La criptografía es el desarrollo de técnicas para modificar información —mensajes o archivos, por ejemplo— con el objetivo de que no puedan ser leídos por quienes no estén autorizados a hacerlo, es decir, aquellos a quienes no se les dio el conocimiento técnico necesario. Los primeros métodos criptográficos nacieron en la Antigua Grecia para evitar que se difundieran secretos militares; en griego, de hecho, la palabra criptografía significa ‘escritura oculta’.  Así que, como vemos, el concepto no tiene nada novedoso.

Sin embargo, a medida que la tecnología fue evolucionando, los métodos criptográficos fueron cambiando y perfeccionándose hasta llegar al estudio de los algoritmos, protocolos y sistemas que se utilizan para dotar de seguridad a las comunicaciones, a la información y, entre otras cosas, a las… criptomonedas, por supuesto.

Esto lo decimos, ni más ni menos, como punto de partida para comprender qué es una cripto-moneda: grosso modo, un activo digital formado por información encriptada. 

Existen tres métodos de criptográficos: los simétricos (emplean una sola llave para cifrar información, que la comparten el emisor y el receptor); los asimétricos (utiliza dos llaves, una pública y otra privada; la primera está al alcance de todo el mundo, mientras que a la segunda la conserva solo el emisor); y luego, métodos híbridos.

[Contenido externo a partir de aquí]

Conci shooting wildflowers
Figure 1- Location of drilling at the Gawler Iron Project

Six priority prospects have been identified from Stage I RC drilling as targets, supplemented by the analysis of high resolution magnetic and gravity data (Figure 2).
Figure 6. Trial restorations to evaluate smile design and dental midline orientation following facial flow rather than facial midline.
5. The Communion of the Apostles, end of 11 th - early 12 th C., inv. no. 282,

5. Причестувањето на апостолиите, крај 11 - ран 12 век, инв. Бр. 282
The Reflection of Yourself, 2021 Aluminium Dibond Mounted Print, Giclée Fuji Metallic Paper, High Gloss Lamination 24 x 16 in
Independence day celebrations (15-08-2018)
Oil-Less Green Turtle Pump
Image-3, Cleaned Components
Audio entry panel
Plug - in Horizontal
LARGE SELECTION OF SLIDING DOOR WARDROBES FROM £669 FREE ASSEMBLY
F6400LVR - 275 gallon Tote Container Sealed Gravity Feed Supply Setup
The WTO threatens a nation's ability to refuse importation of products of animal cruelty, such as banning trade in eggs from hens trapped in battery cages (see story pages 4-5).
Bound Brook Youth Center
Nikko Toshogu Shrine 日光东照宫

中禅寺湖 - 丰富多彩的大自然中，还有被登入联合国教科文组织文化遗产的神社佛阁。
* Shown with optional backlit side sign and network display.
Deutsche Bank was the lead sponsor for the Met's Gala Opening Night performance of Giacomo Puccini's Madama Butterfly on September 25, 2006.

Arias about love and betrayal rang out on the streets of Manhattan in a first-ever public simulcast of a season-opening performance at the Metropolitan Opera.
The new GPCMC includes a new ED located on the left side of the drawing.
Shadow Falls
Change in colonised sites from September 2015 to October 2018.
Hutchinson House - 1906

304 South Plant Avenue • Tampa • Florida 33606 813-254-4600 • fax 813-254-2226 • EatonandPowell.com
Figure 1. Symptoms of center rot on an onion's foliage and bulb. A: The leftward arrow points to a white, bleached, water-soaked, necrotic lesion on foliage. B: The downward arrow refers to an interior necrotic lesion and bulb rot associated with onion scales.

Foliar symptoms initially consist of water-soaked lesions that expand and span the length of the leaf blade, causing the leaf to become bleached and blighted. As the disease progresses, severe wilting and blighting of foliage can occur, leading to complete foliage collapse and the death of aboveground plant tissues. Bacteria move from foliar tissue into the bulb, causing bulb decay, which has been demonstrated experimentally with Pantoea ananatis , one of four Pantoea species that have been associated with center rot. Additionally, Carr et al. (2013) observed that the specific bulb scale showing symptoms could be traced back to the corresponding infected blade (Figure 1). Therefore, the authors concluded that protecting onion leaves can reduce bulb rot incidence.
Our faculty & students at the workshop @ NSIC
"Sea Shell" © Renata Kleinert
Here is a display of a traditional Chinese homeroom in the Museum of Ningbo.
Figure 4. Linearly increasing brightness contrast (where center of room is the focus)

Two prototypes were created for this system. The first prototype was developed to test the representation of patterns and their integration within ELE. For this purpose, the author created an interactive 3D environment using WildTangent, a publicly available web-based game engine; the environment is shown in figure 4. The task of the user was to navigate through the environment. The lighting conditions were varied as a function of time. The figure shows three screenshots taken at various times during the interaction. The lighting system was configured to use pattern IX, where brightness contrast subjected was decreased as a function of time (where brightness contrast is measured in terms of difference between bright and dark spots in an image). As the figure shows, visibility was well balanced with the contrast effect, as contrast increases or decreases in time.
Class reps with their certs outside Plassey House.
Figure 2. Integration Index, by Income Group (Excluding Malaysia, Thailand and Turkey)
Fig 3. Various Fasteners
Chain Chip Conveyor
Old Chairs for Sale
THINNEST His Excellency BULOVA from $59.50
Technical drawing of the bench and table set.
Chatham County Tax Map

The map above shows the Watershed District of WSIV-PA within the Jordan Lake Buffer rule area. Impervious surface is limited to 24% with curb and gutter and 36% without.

Siendo un poquito más técnicos ahora, diremos que las criptomonedas son activos digitales que se producen a través de la resolución de problemas matemáticos, que basan su seguridad en el uso de la criptografía para garantizar la seguridad de las transacciones y controlar la creación de unidades infalsificables e inviolables basadas en la Blockchain

Por su parte, la tecnología Blockchain implica que las criptomonedas se construyen a partir de datos almacenados de forma virtual dentro de un sistema donde una cantidad infinita de usuarios tiene una copia actualizada  de dichos datos en su computadora. 

Se suele explicar este concepto como un libro de contabilidad digital, cuyas hojas o registros individuales de información (los famosos bloques) forman el libro (la cadena de bloques), una vez que obtienen la aprobación del resto de los usuarios del sistema. Y cada bloque nuevo tiene una identificación numérica, equivalente a una firma digital, que lo hace correlativo al bloque anterior, con el cual debe coincidir exactamente.

Podemos imaginarlo también como un gran libro electrónico de actas donde se registran operaciones, aunque, en lugar de existir un escribano que legitime estas actas una a una, la validación la efectúa el conjunto de usuarios del sistema sin necesidad de un tercero externo al sistema, gracias, justamente, a la criptografía y la Blockchain. (En este post hablamos sobre otras aplicaciones blockchain).

Entonces las criptomonedas son registros en la blockchain; es decir, no es un archivo digital (y menos todavía un activo tangible) que se transfiere de un sujeto a otro, sino que, simplemente, es una especie de asiento contable incorporado en una cadena de bloques.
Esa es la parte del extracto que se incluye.